• [Directions]: Could you return the data that follows exactly, minus the images?

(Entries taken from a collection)
☆ ☆ ☆

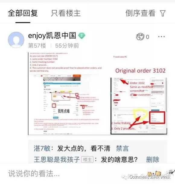 我与官网反应的过程中,官网的人直接注册了一个贴吧账号enjoy凯恩中国,并贴出“我有点难”伪造视频和订单的证据。(但官网的贴吧账号很快被人恶意操作屏蔽)
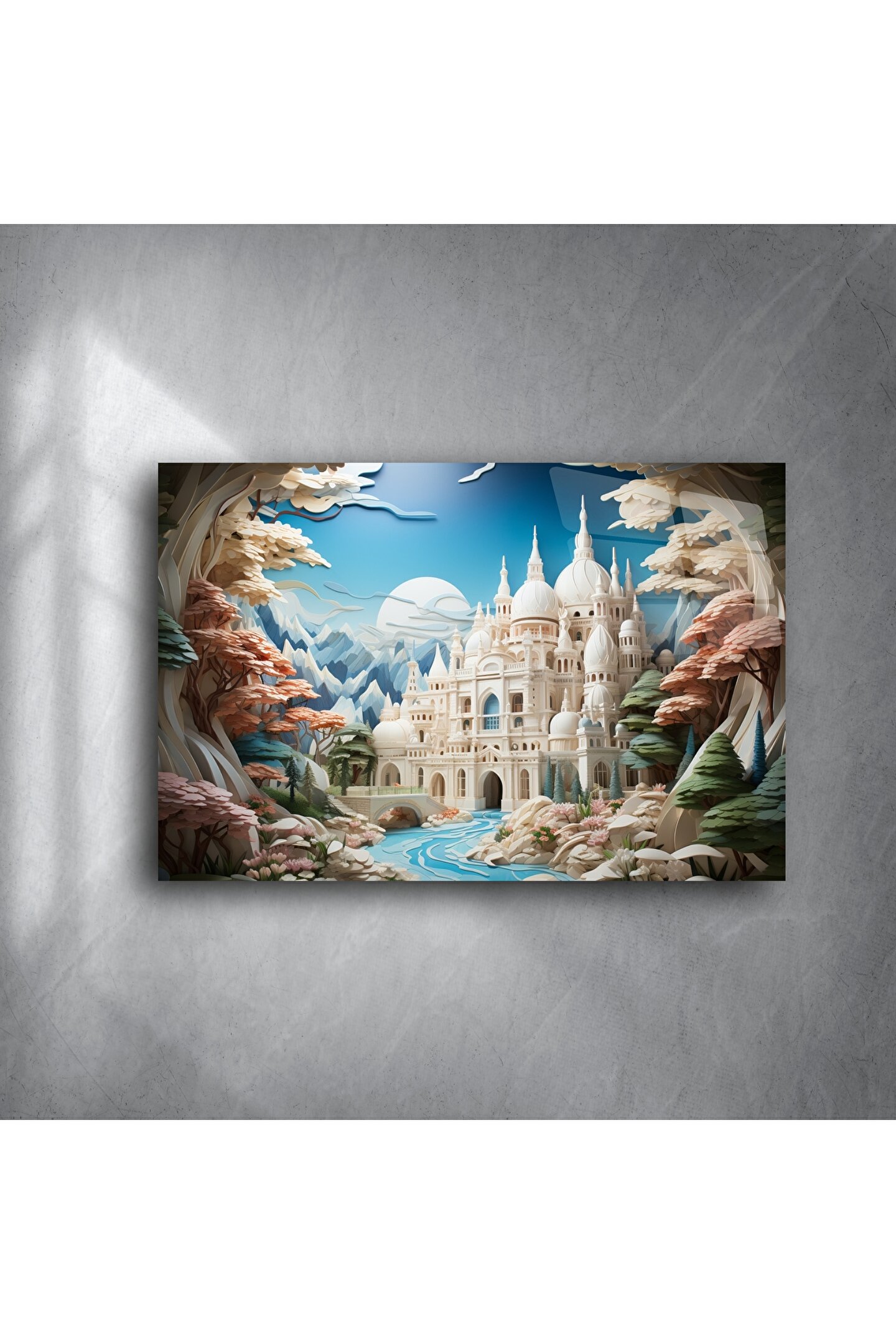 Soyut Şato Manzaralı Duvar Posteri, hayal gücünü harekete geçiren zarif detaylarla tasarlanmış büyüleyici bir dijital sanat eseridir. Büyülü bir vadinin kalbinde yer alan bu fantastik saray, pastel ve canlı tonların zarif birleşimiyle evinize masalsı bir hava katar.
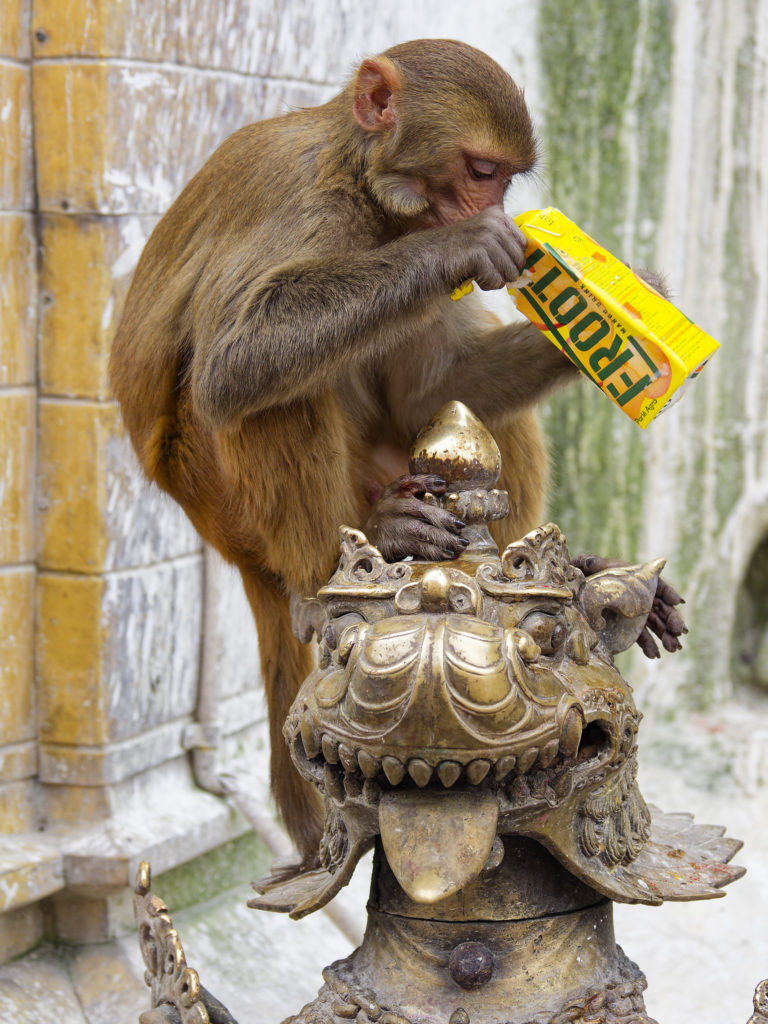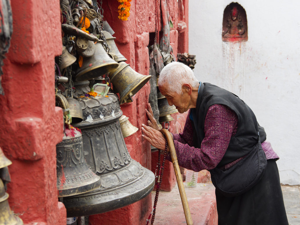 Über der Stadt thront Swayambhunath, einer der ältesten buddhistischen Tempel Nepals, der allerdings auch von Hindus verehrt wird. Die weißen Kuppeln, die goldene Spitze und die allsehenden Buddha-Augen symbolisieren den Weg zur Erleuchtung. Zwischen flatternden Gebetsfahnen findet man hier dutzende Makaken, die dem Tempel den Beinamen Affentempel eingebracht haben. Leider war es heute nicht mehr so klar wie gestern – eine relativ dichte Wockendecke und der darunterliegende Smog haben die Sicht heute etwas eingetrübt. Spannend war aber sowieso eher, dem religiösen Treiben zuzusehen und sich klarzumachen, dass Religion hier das Leben massiv bestimmt und wie krass der Unterschied zu säkularisierten Ländern wie Deutschland ist.
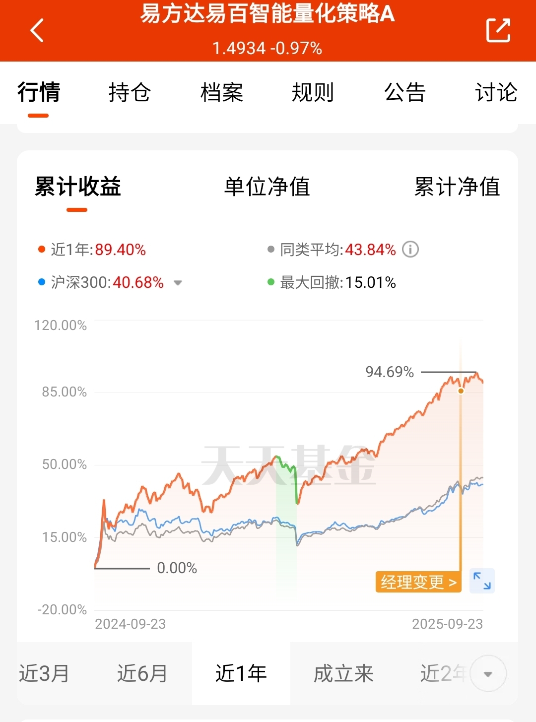 在牛市行情里板块轮动快,量化策略就不怕轮动,通过高频调仓紧跟行情呢。$易方达易百智能量化策略A(OTCFUND|005437)$就是采用量化策略,近一年涨幅89.4%,跑赢大盘指数呢,值得关注。
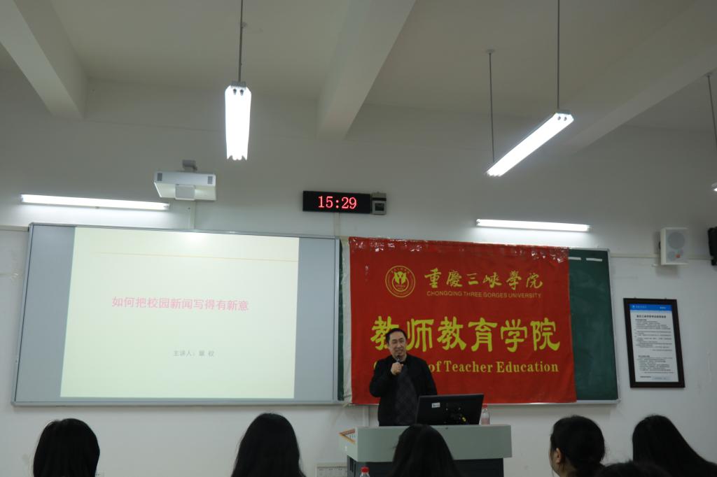 为进一步提高新闻写作质量,建设一支高水平的新闻写作队伍,2023年3月23日15:30,437bwin必赢国际宣传部宣传科章权老师在博学楼1‐103为公司学子开展主题为“如何把校园新闻写得有新意”的写作培训。公司部分教师、员工会成员、各班员工代表参加培训会。
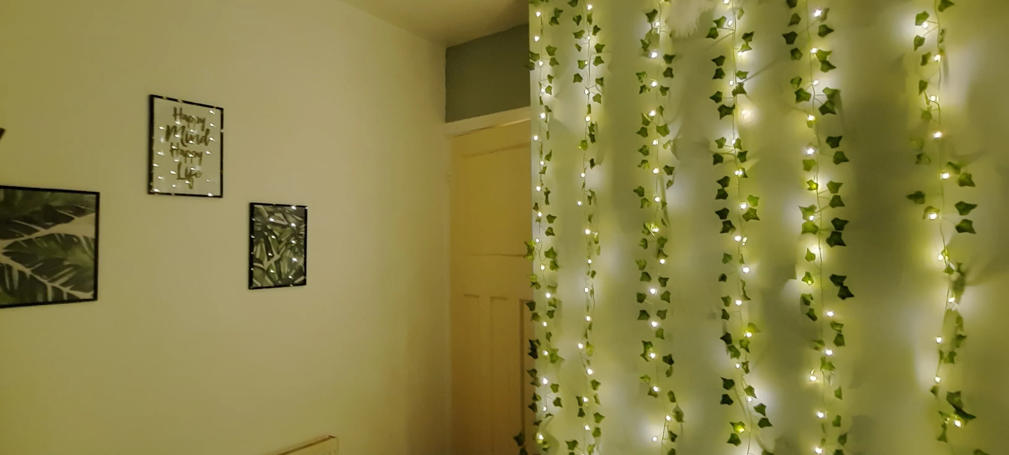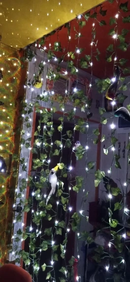 Листики разочаровали. Очень маленькие. Без подсветки выглядит скучно. Зато , когда включается гирлянда,начинается магия! Украсила птичками. Сложила гирлянду в три раза. Ширина получилась в метр,высота - два метра. Для ширины 3 м выглядит лысо. Пульт без батарейки, ещё не включала.

☆ ☆ ☆

• [Output for this task]:
 我与官网反应的过程中,官网的人直接注册了一个贴吧账号enjoy凯恩中国,并贴出“我有点难”伪造视频和订单的证据。(但官网的贴吧账号很快被人恶意操作屏蔽)
 Soyut Şato Manzaralı Duvar Posteri, hayal gücünü harekete geçiren zarif detaylarla tasarlanmış büyüleyici bir dijital sanat eseridir. Büyülü bir vadinin kalbinde yer alan bu fantastik saray, pastel ve canlı tonların zarif birleşimiyle evinize masalsı bir hava katar.
 Über der Stadt thront Swayambhunath, einer der ältesten buddhistischen Tempel Nepals, der allerdings auch von Hindus verehrt wird. Die weißen Kuppeln, die goldene Spitze und die allsehenden Buddha-Augen symbolisieren den Weg zur Erleuchtung. Zwischen flatternden Gebetsfahnen findet man hier dutzende Makaken, die dem Tempel den Beinamen Affentempel eingebracht haben. Leider war es heute nicht mehr so klar wie gestern – eine relativ dichte Wockendecke und der darunterliegende Smog haben die Sicht heute etwas eingetrübt. Spannend war aber sowieso eher, dem religiösen Treiben zuzusehen und sich klarzumachen, dass Religion hier das Leben massiv bestimmt und wie krass der Unterschied zu säkularisierten Ländern wie Deutschland ist.
 在牛市行情里板块轮动快,量化策略就不怕轮动,通过高频调仓紧跟行情呢。$易方达易百智能量化策略A(OTCFUND|005437)$就是采用量化策略,近一年涨幅89.4%,跑赢大盘指数呢,值得关注。
 为进一步提高新闻写作质量,建设一支高水平的新闻写作队伍,2023年3月23日15:30,437bwin必赢国际宣传部宣传科章权老师在博学楼1‐103为公司学子开展主题为“如何把校园新闻写得有新意”的写作培训。公司部分教师、员工会成员、各班员工代表参加培训会。
 Листики разочаровали. Очень маленькие. Без подсветки выглядит скучно. Зато , когда включается гирлянда,начинается магия! Украсила птичками. Сложила гирлянду в три раза. Ширина получилась в метр,высота - два метра. Для ширины 3 м выглядит лысо. Пульт без батарейки, ещё не включала.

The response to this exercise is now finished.